On June 29, 2026, TechCrunch reported that Wix-owned AI app builder Base44 began rolling out Base1, its first proprietary large language model, to power its "vibe coding" platform. The model is trained on tens of millions of user interactions and is designed to reduce latency and inference costs while giving Base44 tighter control over its stack and margins.
This article aggregates reporting from 1 news source. The TL;DR is AI-generated from original reporting. Race to AGI's analysis provides editorial context on implications for AGI development.
Base44’s move to train and deploy its own Base1 LLM is a textbook example of how serious applied-AI companies are trying to escape pure dependency on frontier labs.
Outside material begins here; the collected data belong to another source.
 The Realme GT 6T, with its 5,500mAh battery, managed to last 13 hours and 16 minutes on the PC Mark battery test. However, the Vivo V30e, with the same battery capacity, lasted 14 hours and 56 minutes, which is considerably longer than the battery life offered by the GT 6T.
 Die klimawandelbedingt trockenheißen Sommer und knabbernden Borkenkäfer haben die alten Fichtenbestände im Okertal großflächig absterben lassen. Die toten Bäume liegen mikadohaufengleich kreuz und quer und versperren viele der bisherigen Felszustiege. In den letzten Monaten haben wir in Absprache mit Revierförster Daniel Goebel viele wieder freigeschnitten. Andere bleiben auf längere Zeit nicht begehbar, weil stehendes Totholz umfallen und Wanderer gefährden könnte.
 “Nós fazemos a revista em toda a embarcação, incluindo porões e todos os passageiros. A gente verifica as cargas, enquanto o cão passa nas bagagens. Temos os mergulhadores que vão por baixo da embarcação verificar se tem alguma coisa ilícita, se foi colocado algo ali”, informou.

By owning the model that powers its “vibe coding” environment, Base44 can tune for its very specific workload — turning natural-language descriptions into production apps — and strip out the general-purpose overhead that makes big frontier models expensive and sometimes sluggish. That’s strategically important in a world where inference costs and latency are becoming the main bottlenecks to scaling AI-heavy products.
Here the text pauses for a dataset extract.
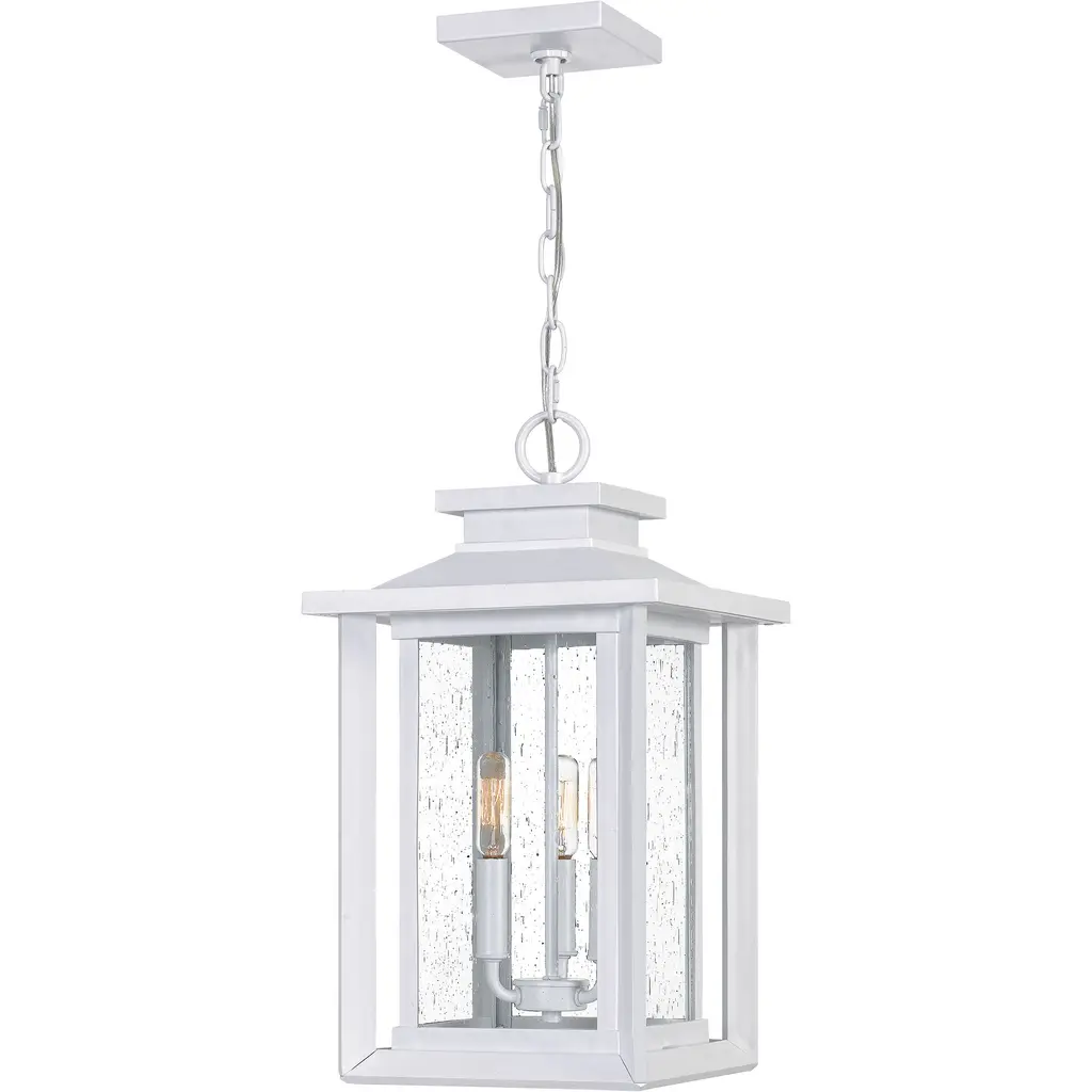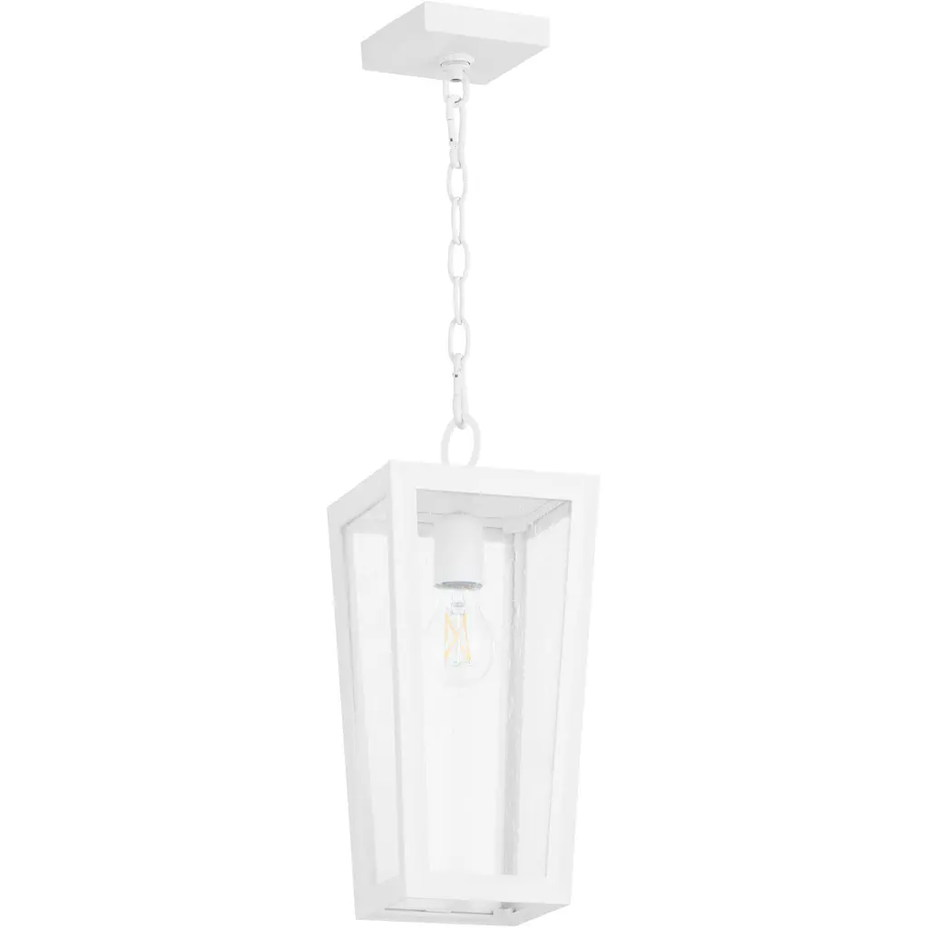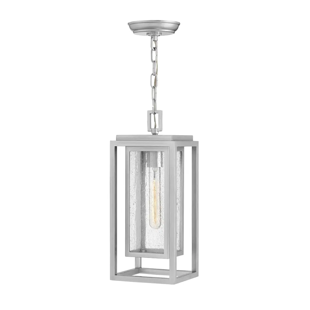 A timeless and exceptionally durable design, the Republic Pendant Light from Hinkley is built to withstand the elements with classic style. This versatile lantern features a striking double frame, crafted from a composite material treated with an anti-fading agent. The clear, seedy glass panels add a touch of vintage, coastal charm and create a beautifully diffused glow. A fusion of timeless design and resilient construction, it’s a sophisticated and lasting lighting choice for any covered porch or entryway. Highlights:

This launch also signals how the race to AGI is splintering into a layered ecosystem. Frontier labs push general intelligence, while vertical players like Base44 build narrower but deeply optimized models that live closer to end-user workflows. If Base1 really delivers better latency, cost, and alignment for app-building than generic models, it strengthens the case that specialized stacks can defend themselves against the big labs, at least in targeted domains. It also means more real-world data flows into Base44’s own training loop, creating a virtuous cycle of improvement that could, over time, feed back into broader advances in agentic coding.
For the broader AGI landscape, the message is clear: defensibility increasingly comes from data, integration, and control of the full stack, not just calling someone else’s API.